July 11, 2006 DBL Law

Small business owners have frequently sought legal advice on charging 2% per month interest on unpaid accounts.  A recent local case provides a lesson on the always murky question of what is usury.  Usury is defined as “an excessive rate of interest,” and what is excessive varies with time, place and parties to the agreement.  Usurious contracts are void and unenforceable and sometimes are even a crime.

The Grooms are farmers in Adams County.  They bought feed on credit from W.C. Milling, LLC.  Milling presented an invoice for $17,152 when it delivered the feed.  The invoice did not mention interest charges for late payments.  But the first and later monthly statements applied a 2% per month charge to unpaid balances.  The Grooms did not object to the interest charges and even paid some of the invoices.  Milling eventually sued and recovered a judgment of $76,991 by default when the Grooms did not file an answer.

Over a year later, the Grooms moved to set aside the judgment on the grounds that the interest, calculated at 26.83% per year, was usurious and therefore the agreement was void and unenforceable.  The trial court refused to set aside the judgment, finding that the motion was out of time, that the Grooms had not objected to the interest charges and had created an implied contract for the monthly charges by paying on account.  The Grooms appealed.

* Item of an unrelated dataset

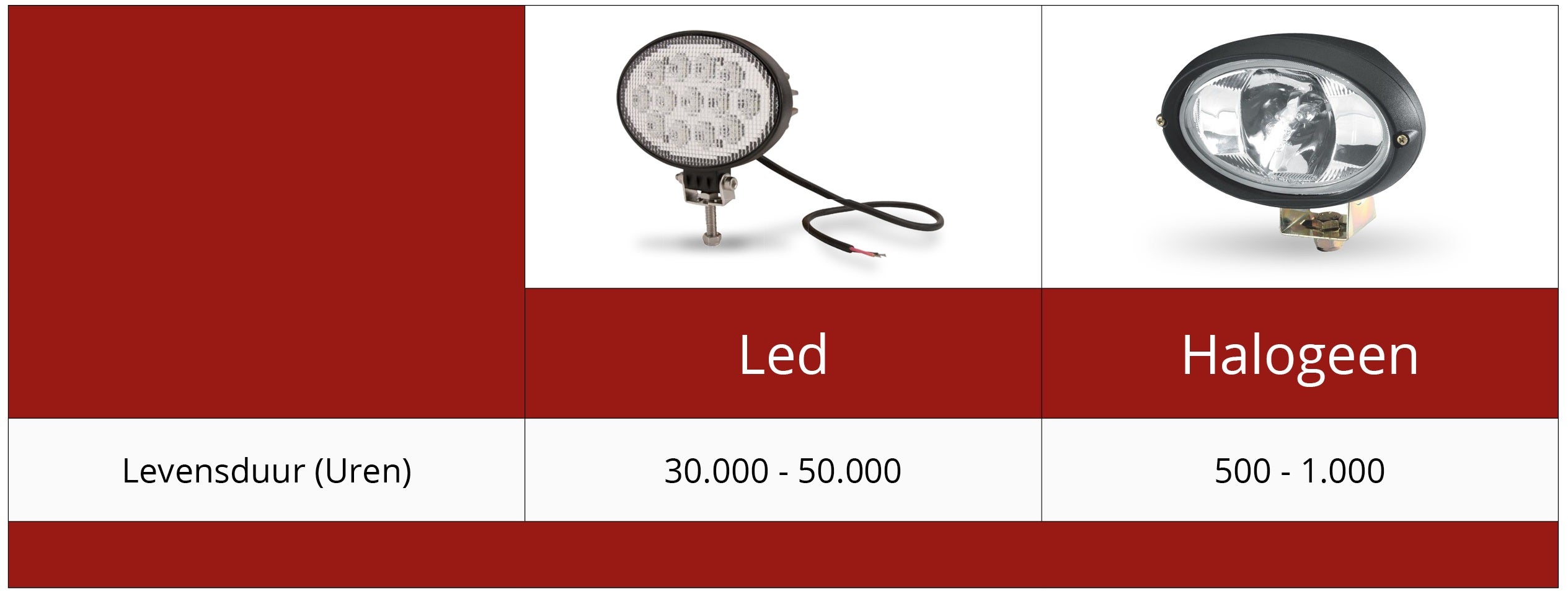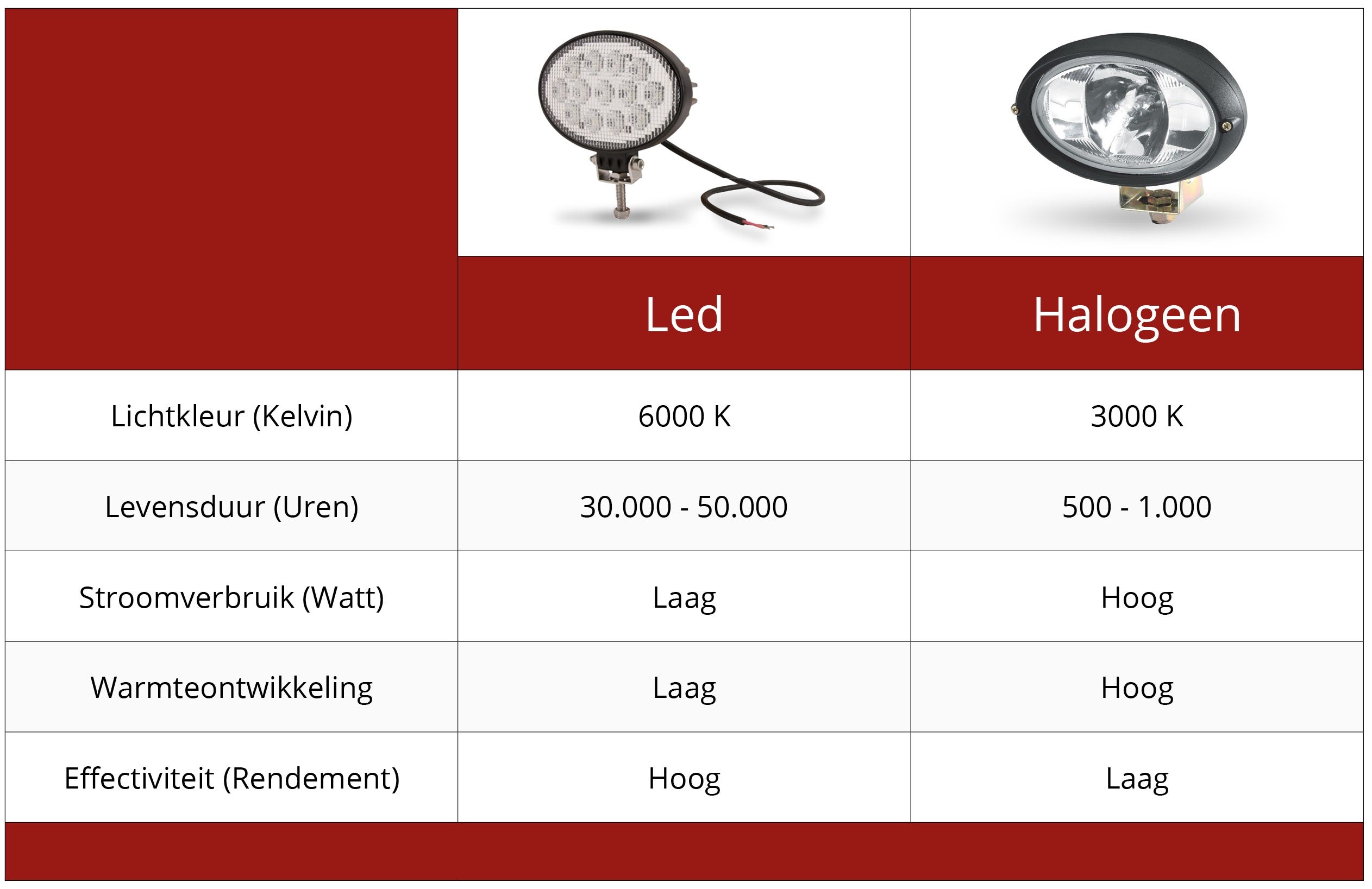 Ledlampen hebben het voordeel dat ze een hoge lichtopbrengst en een laag stroomverbruik hebben. Ten opzichte van de halogeen werklamp verbruikt de led werklamp relatief weinig stroom. Ook scoort ledverlichting beter op levensduur, rendement en lichtopbrengst. Het licht dat ledverlichting afgeeft is ook prettiger voor de ogen. Een ander verschil tussen led en halogeenlampen is dat een ledlamp langer meegaat.

Although the appellate court agreed that the Grooms waited too long to challenge the extremely high interest, and was therefore stuck with the almost $77,000 judgment, it found that the contract was usurious and the Grooms could have avoided it.  The court analyzed the Ohio usury laws as follows:

First, Ohio’s General Rule is that 8% simple interest is the maximum chargeable on a bond bill, note or promise to pay a “loan.”

Second, if the “loan” (on a bill, note or promise) is to a business, the parties may agree to higher rates.  The Grooms were a business but the transaction did not involve a “loan.”

Third, for other obligations in connection with a “book account,” the creditor is entitled to a maximum rate of 10% simple interest.  The Grooms’ transaction was a “book account.”

Fourth, for “book account” obligations, the parties in a written agreement may agree to a larger rate.  However, monthly statements and payments on account, while creating an implied contract, do not rise to the dignity of a written agreement, which the appeals court stated should be in the format of a contractual agreement to which both parties assent.  What constitutes assent is still unclear, but in view of the policy of the law to discourage excessive interest charges, a contract not signed by the obligor will always be weak.  The best advice to a business intending to charge interest on unpaid accounts, is to have a contract up front that clearly states that interest on unpaid accounts will be at a specified rate of monthly interest.

By the way, the court noted wryly that the Grooms had sued their first attorney for malpractice in failing to timely challenge the usurious interest in the lower court.